William Brown's Bar.

88 John Street, Bridgeton, Glasgow.

William Brown's Bar

William Brown's bar was situated in John Street, Bridgeton.

John Street was changed to Tullis Street.

Tullis Street was named after John Tullis a family of Tanner's and leather merchants who gifted the hammer beam roof of Greenhead and Barrowfield Parish Church in London Road in 1850.

The old pub here was founded by William Brown in the early 1870s. He was formerly a factory worker and resigned his post of manager to start business own his own. He was presented with a timepiece for his services with the firm, his new clock occupied a prominent position on his parlour sideboard at his home in Main Street, Bridgeton. He lived with his wife Mary, sons William, Alexander and George, Daughters Jeanie, Annie, Helen and Mary, the family were well off enough to have a domestic servant Euphemia. The pub was also known as the Green Rest.

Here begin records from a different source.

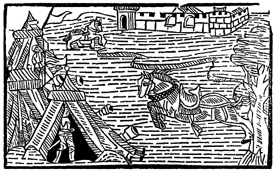 Après cecy devant dit le roy de cibille et le roy de corduble vont mander a charles s'il vouloit venir a corduble pour batailler Tantost que charles le sceut a toute sa puissance il vint celle part. Et quant ilz furent près pour batailler les sarrazins firent une chose moult sauvaige. car devant les hommes sarrazins qui estoient a cheval ilz vont ordonner des gens de pié qui pourtoient des visaigieres contrefaictes toutes noires et rouges cornues et barbues comme diables. car ilz ne pouvoient aultrement en bonne maniere faire contrarieté aux crestiens. mais s'aviserent de faire dissimulacions. et chascun des pietons sarrazins deguisez portoit en sa main une clochette ou une campane. Et a l'entree de ceste bataille ilz commencerent a sonner et faire bruit tellement que tantost que les chevaulx des crestiens les virent ainsi contrefaitz et ainsi sonner impetueusement ilz commencerent a fouyr et desrenger et esprouver en telle maniere que personne ne les pouvoit tenir. mais force fut d'eulx en fouyr et retraire. Charles se avisa de remede il fit lendemain mettre des drappeaulx devant les yeulx des chevaulx qu'ilz ne virent riens. et fit boucher et aussi estouper leurs oreilles. affin qu'ilz ne peussent veoir ne escouter ces sarrazins deguisez et contrefaitz. Et quant en celle maniere ilz vindrent en la bataille ilz ne firent sinon les mettre a mort jusques a midy. mais non pas qu'ilz fussent du tout vaincus. car ilz avoyent ung char gros et fait pour faire grant empesche a resister a leurs ennemys. et si fort conduisoyent celluy engin a .viii. beufz qui l'emenoyent en guerre et estoit dessus en hault l'estandart de leur enseigne. et avoyent de coustume que sur peine de mourir personne ne retournast arriere ne reculast pour riens entretant que l'estandart seroit droit. De cecy fut informé charles pourquoy moult puissamment il se mist parmy les sarrazins tellement qu'il vint a l'estandart et a tout joyeuse son espee il couppa: cecy voyant les sarrazins de fouyr. et furent des payens plusieurs mortz et occis. Et puis le lendemain la ville fut remise a charles par le seigneur du lieu qui ne luy pouvoit resister. Et après charles fut content de luy laisser la vie s'il se vouloit baptiser et la ville aussi mais qu'il la tenist de luy. Et adonc charles ordonna en espaigne de ces barons par maniere que nul ne l'osast plus assaillir a faire guerre. car tousjours se trouvoit victorieux de ses ennemys par la puissance qu'il menoit et par la discrecion de sa personne et par la grace de dieu qui ne fault pas a subvenir a ses amys.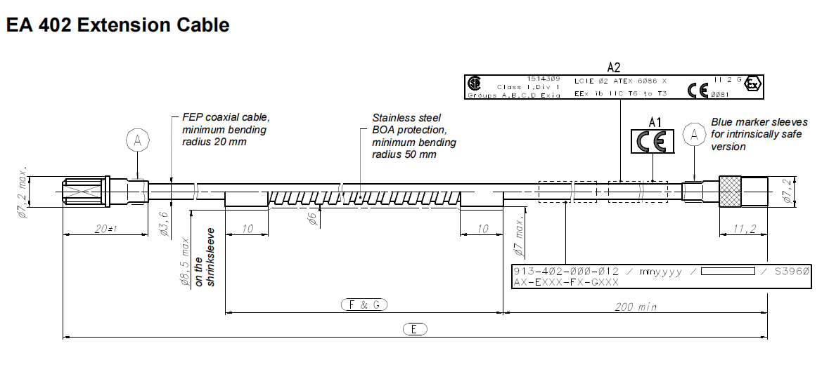 خود کابل Exi EA402 ایمنی را به عنوان یک پیوند کلیدی در مدار محدود کننده انرژی ایجاد نمی کند، بلکه جزء کل مدار ذاتا ایمن است. 913-402-000-013-A1-E050-F0-G000 باید در ارتباط با پیش تقویت کننده IQS 452 کار کند. پیش تقویت کننده مدارهای محدود کننده ولتاژ، محدود کننده جریان و ایزوله را در داخل یکپارچه می کند. این مدارها انرژی را از ناحیه ایمنی به سطح بسیار پایین محدود می کنند و سپس آن را از طریق کابل EA402 به پروب TQ واقع در منطقه خطر تحویل می دهند.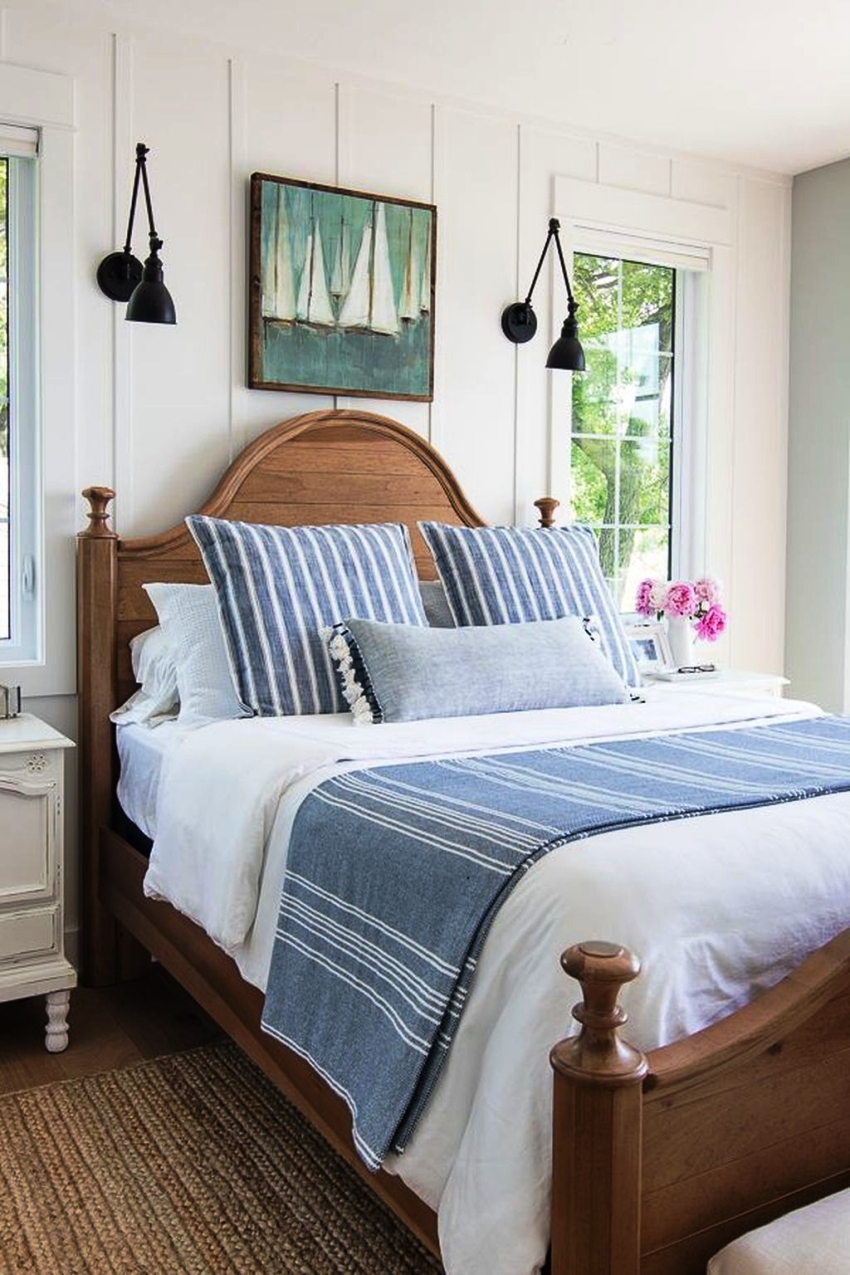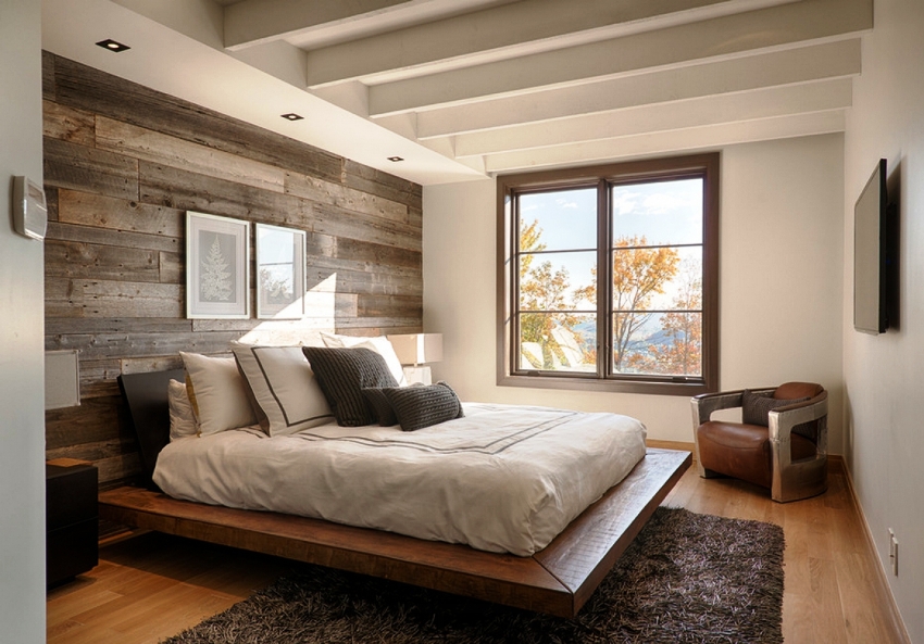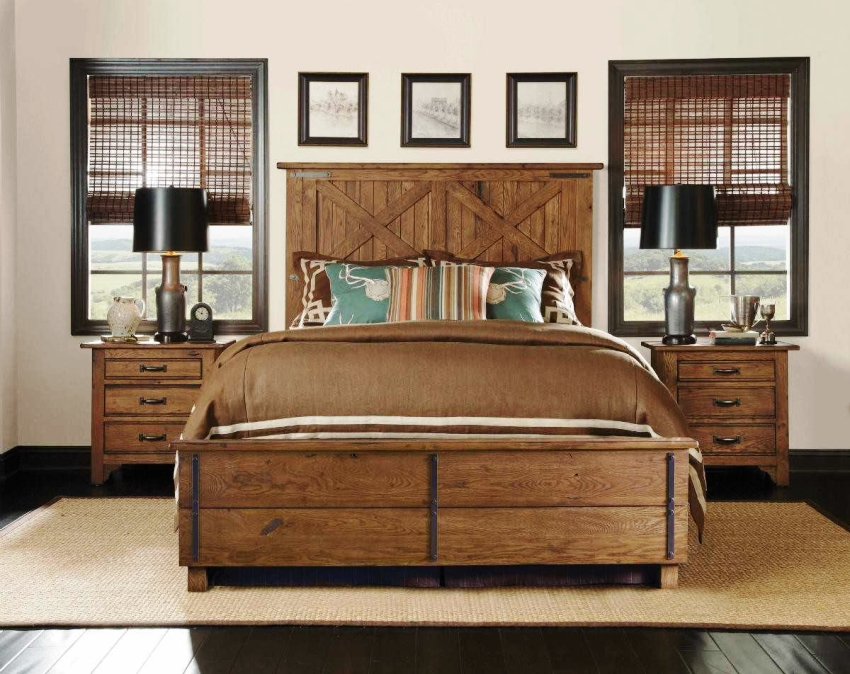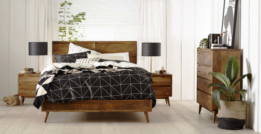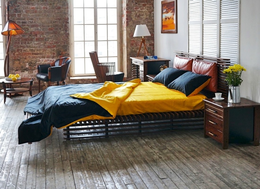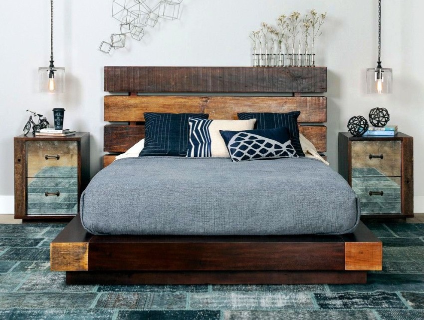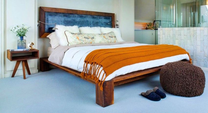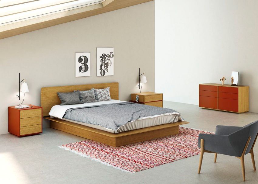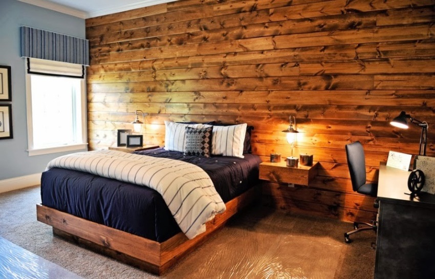 It is interesting! Wooden furniture makes the atmosphere in the bedroom more warm and cozy.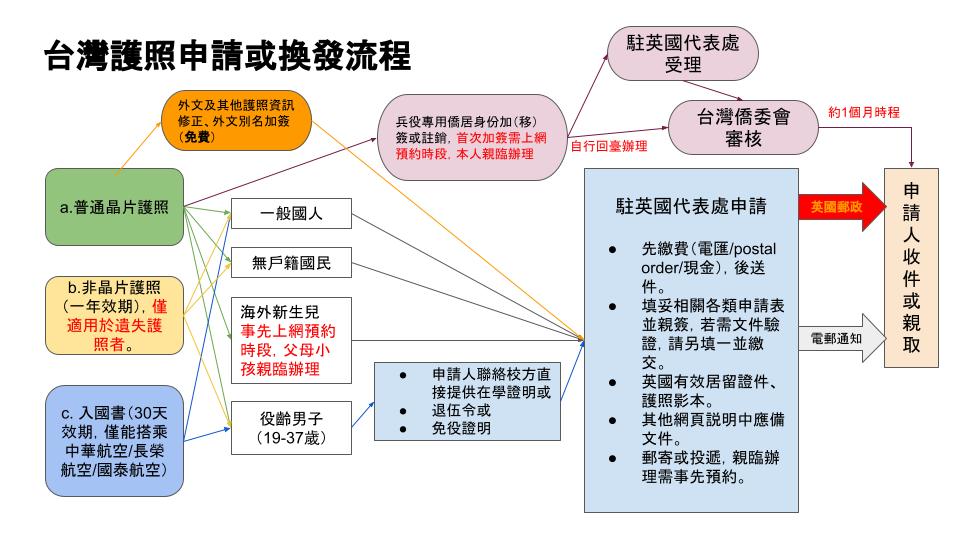 ♦2024年1月1日起放寬無戶籍國民(護照上無身分證字號者)入台規定,詳情請參閲移民署公告: 入出國及移民法-新制說明 (中文版) (English Version) *在台預定停留3個月以內: 1.持我國有效晶片護照及回程或次一目的地之機(船)票者,可以不用申請「臨人字入國許可」,僅憑護照入境。(因違反法令遭禁止入國者於管制期間不適用) 2.持我國有效非晶片護照及回程或次一目的地之機(船)票者,可於抵達機場時向移民署機場櫃臺申請「臨時入國許可證」後入境 *在台預定停留3個月以上: 需持有效「臨人字號入國許可」入境台灣 ♦中國大陸配偶「首次申請團聚」入境許可證,請先以電郵與本處預約面談時間。 面談預約請電郵至:taiwanimmigration.gbr@mofa.gov.tw |

William loved outdoor sports and was a supporter of all east end activities. He held an honourable position of President of the Eastern Merchants Society, Secretary of the Bridgeton Bowling Club and was a keen curler. He was very friendly with William Hillcoat a well known and prominent figure in the Scottish Licensed Trade. William also owned a pub at 166 Main Street and 233 Main Street, Bridgeton.

When William passed away his wife Mary took over the licence in 1894. Their son William then took over the business in 1905 which consisted of John Street premises and 233 Main Street, Bridgeton. In the 1890s young William had licensed premises in Greenock and Gourock.

The old pub on Tullis Street was demolished in 1927.